The correlation between dimensions i and j is equal to the (i, j)th component of the matrix multiplied by its transpose, and then divided by the standard deviation of both variable i and variable j.

Columns
Evolvability is represented by a vector of integers, (c1, c2, ..., cn).  Row i of the evolvability matrix is composed of a vector of all 0's, except for a single 1 in column ci.

The correlation between dimensions i and j is 1 if ci == cj, and 0 otherwise.

Object-Oriented
Evolvability is a vector of integers, (s1, s2, ..., sn), where si is the superclass of i.  If i is a root, then si == i.  If the vector represents a tree, then it is valid.  The target evolvability is selected repeatedly until a valid one comes up.  Genomes with an invalid evolvability are given minimal fitnesses.
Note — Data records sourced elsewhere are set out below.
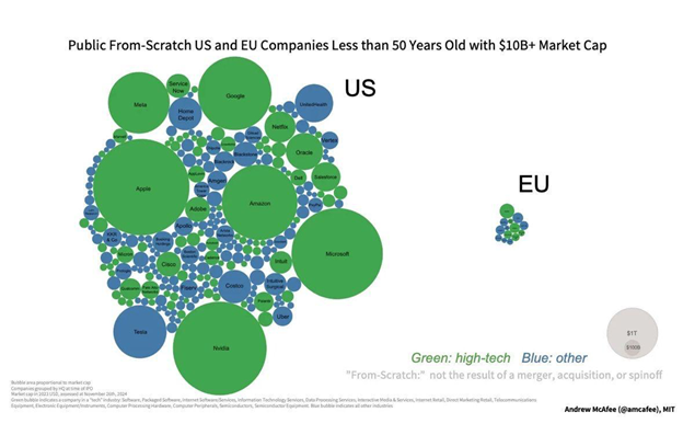 Tuto prohlubující se ekonomickou propast nelze vysvětlit demografickými údaji . Vyjadřuje spíše silnější růst produktivity v USA, který je z velké části tažen technologickými inovacemi a vyšší celkovou produktivitou faktorů. Dnes je zhruba polovina z 50 největších technologických firem na světě amerických, zatímco pouze čtyři jsou evropské. Během posledních pěti desetiletí se 241 amerických firem rozrostlo ze startupů na společnosti s tržní kapitalizací nejméně 10 miliard dolarů, oproti pouhým 14 v Evropě.
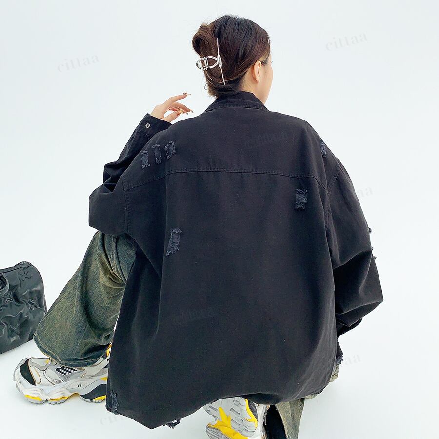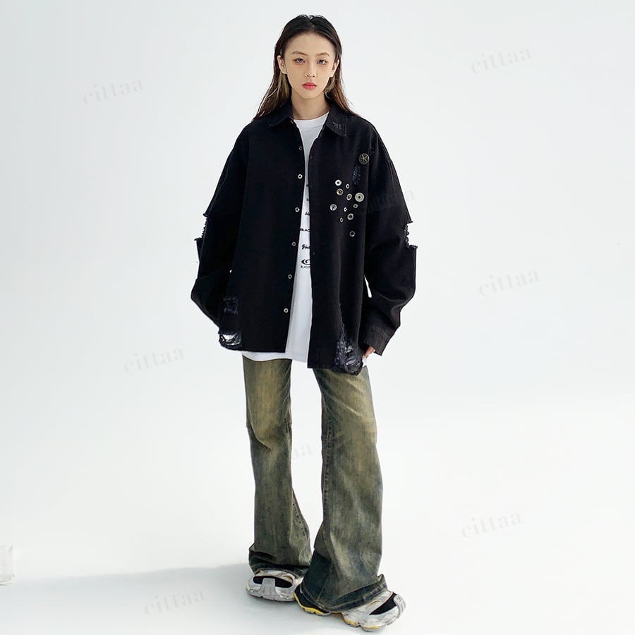 ★予約★D-425 2025秋新作♡ダメージ加工ボタンデザインワークシャツ ブラック
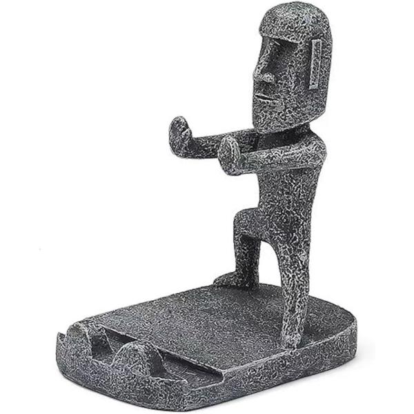 スマホスタンド モアイ おもしろ ユニーク 卓上 グッズ イースター 島 可愛い おしゃれ 携帯 タブレット ホルダー 面白い (グレー)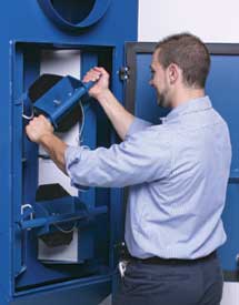 維護(hù)方便簡單Torit PowerCore? TG過濾元件拆裝容易,只需要打開檢修門,不需要任何工具, 擰開旋轉(zhuǎn)式鎖扣,一個人就能輕松取出過濾元件,完成更換。PowerCore?過濾元件重量輕,即使在最終更換時,一般也不會超過22.7kg (50磅), 符合美國OSHA職業(yè)安全與健康管理局規(guī)定的人力提舉限值。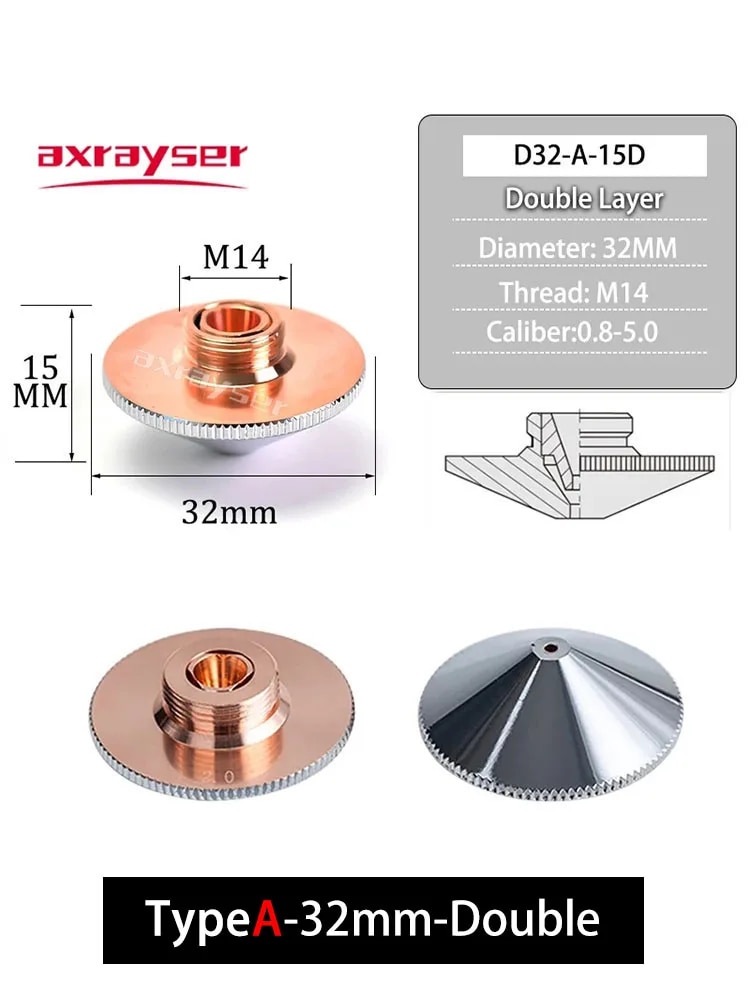 Raytools Laser Nozzles Single Double Layer Dia.32mm M14 Caliber 0.8-4.5mm for Fiber Laser Cutting Machine BT240 BM114 BM110 etc.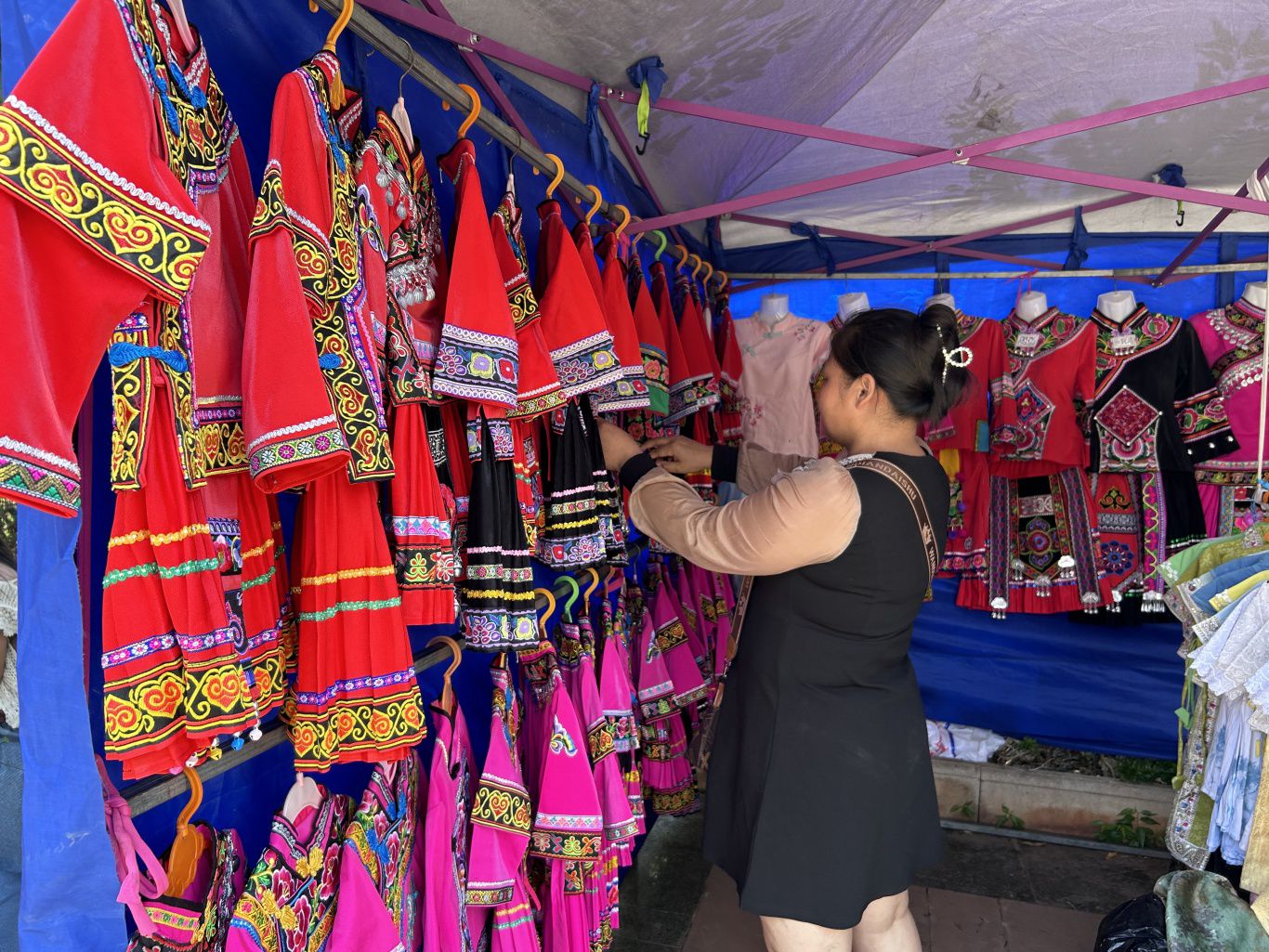 △ 游客选购俚颇彝绣服饰
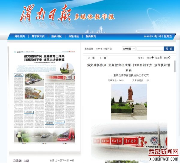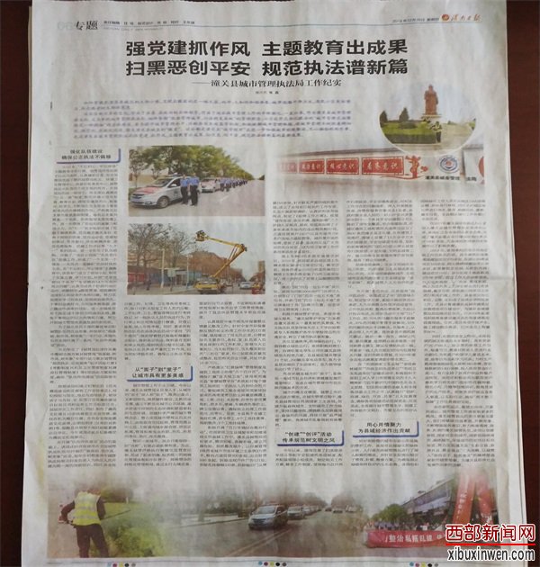 2019年12月26日,渭南日报以“强党建抓作风 主题教育出成果 扫黑恶创平安 规范执法谱新篇”为主题,对潼关城管一年来是如何“不忘初心、牢记使命”扎实开展城市管理各项工作进行了整版专题报道。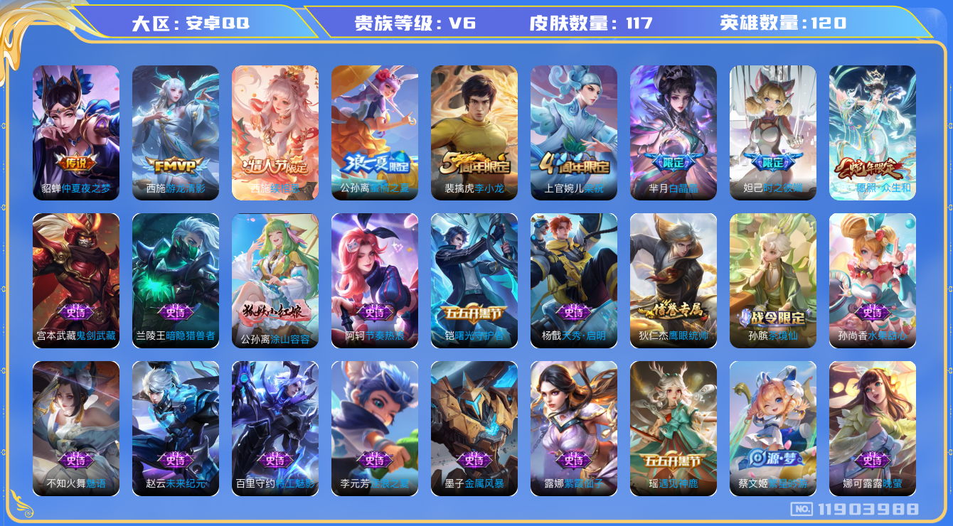 [11903988]V6 4传说 120英雄 117皮肤 可修改实名 优质装备:仲夏夜之梦(大飞蛾),游龙清影(小青龙),涂山容容 传说皮:续相思 珍宝阁皮:优雅恋人 限定皮:愿照·众生和(妲己年限),时之彼端,白晶晶,梁祝,李小龙,蜜橘之夏 史诗皮:茶境仙,遇见神鹿,紫霞仙子,特工魅影,魅语,偶像歌手,晚萤,节奏热浪,女仆咖啡,水果甜心,暗隐猎兽者,鬼剑武藏,天秀·启明,繁星吟游(呼啦呼啦),逐浪之夏,曙光守护者,金属风暴,鹰眼统帅,魅力维加斯,未来纪元-赵云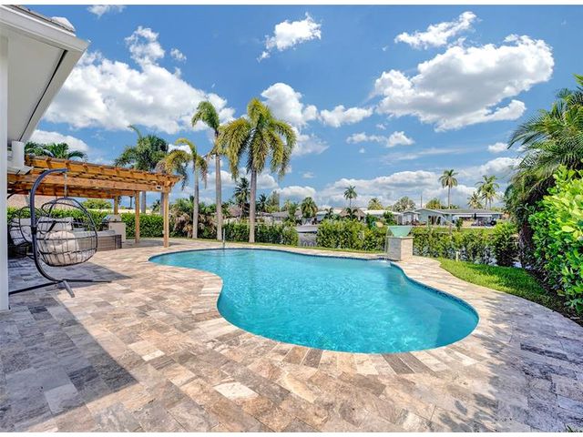 Exceptional 2020-built 3/2.5 pool home with 70ft of waterfront access for boating and beach enthusiasts. The foyer offers mesmerizing views of the water and pool. Enjoy spacious tray ceilings with elegant recessed lighting. The modern kitchen boasts custom cabinetry, high-end appliances, a 36' Kitchenaid gas range and hood, 2 dishwashers, and a vast island with ample storage. Discover dual owner's suites with upgraded en-suite baths. Luxury abounds with high-end finishes and fixtures, including remote-controlled blinds. Step onto the travertine pool deck or the 20ft dock with expansion potential. This home features a new roof, A/C, tankless water heater, PVC plumbing, pool pumps, near golfing, entertainment, Pompano Pier, beach, dining, and more!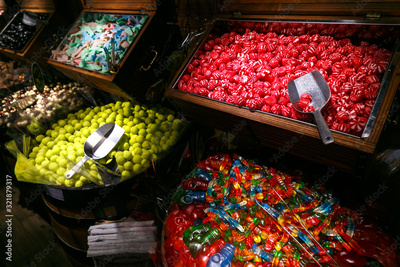 different candies, candies, sweets in a shop window in Venice. Textures and backgrounds with colorful bonbons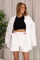 Шорты из эко-кожи с высокой посадкой, с карманами и ремнем в тон являются универсальной одеждой, поскольку их можно носить в любое время года. Их можно комбинировать с разными элементами гардероба, создавая роскошные дерзкие луки.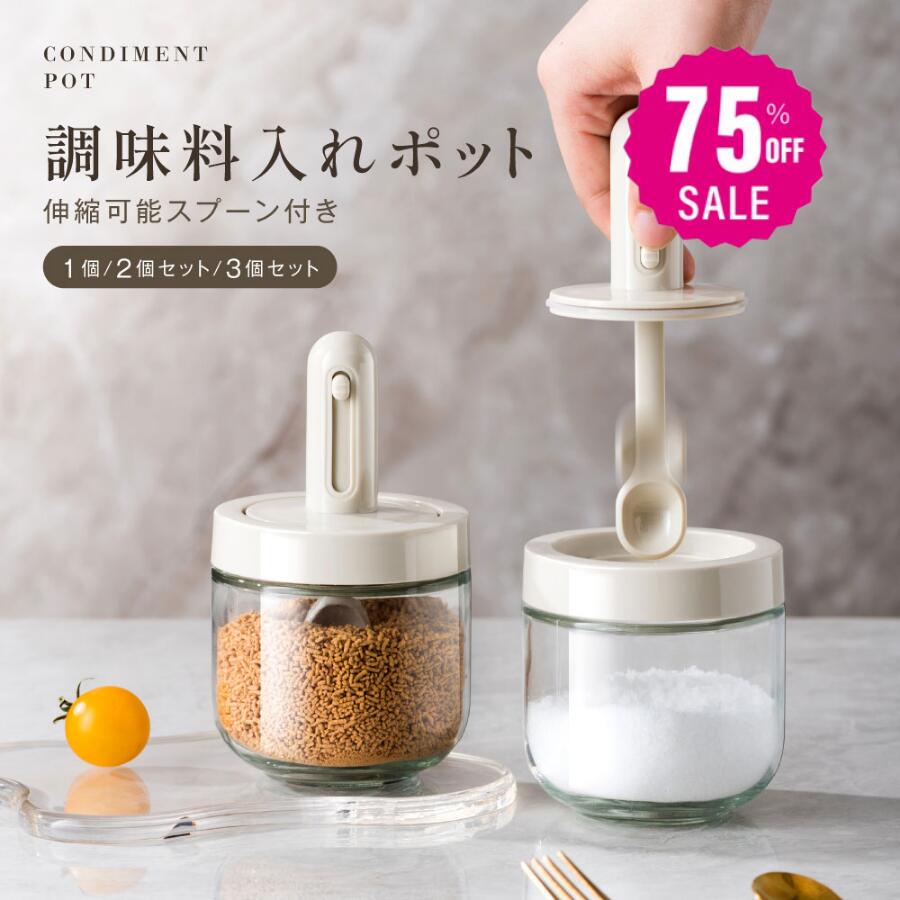 調味料入れ 調味料ポット 塩 砂糖入れ 香辛料瓶 調味料ケース スパイスボトル 耐熱ガラス容器 湿気防止 使いやすい おしゃれ 長さ調整可能スプーン付き

The correlation between dimensions i and j is 1 if both inherit from the same root, and 0 otherwise.

Blend
Defines each modification in terms of a linear combination of a random variable, plus all the entries with a lower index:

x_i = c_i * R_i + Sum(j=1..i-1) c_ij * x_j

where the c_i's and c_ij's are encoded in the evolvability.

I haven't defined a correlation for this one yet. Instead, I use the direct coefficient c_ij for the "correlation" between i and j, and I use c_i for the "correlation" between i and itself.

This essentially means that when Blend is used, the correlation distance is actually a real distance between the target evolvability and the genome's.

All the experiments used the following settings:
 
 
Population Size 1000
Selection Type Tournament, Generational
Epoch Size 10
Dimensions 7

Mostly I applied the experiments to a single target architecture that correlated dimensions 0 and 6, 1 and 2, 4 and 5, and dimension 3 was uncorrelated with anything.  For the object-oriented case, this corresponded to the following type hierarchy:

0 <- 6
1 <- 2
3
4 <- 5

Matrix Experiments

Baseline settings were the following:
 
 
Tournament Size 7
Epoch Count 500
Prob Mutate Matrix Entry 0.001
Matrix Mutate Method A[i,j] *= exp(gauss(0.0, MatrixStdDev))
MatrixStdDev 1.0
Initial Matrix Min, Max 0, 1
Normalize Rows false
Target Genotype Mutation Method g = A * r
Random Numbers for r Gaussian(0, 4)

That produces this graph:

 Matrix Baseline

I was concerned that the system might just be learning to hang out around the zero vector, so I changed the target mutation method to be the same as is used for the genomes themselves:
 
 
Target Genotype Mutation Method g += A * r

 Brownian Target

This became the new baseline, so all subsequent Matrix experiments used Brownian targets.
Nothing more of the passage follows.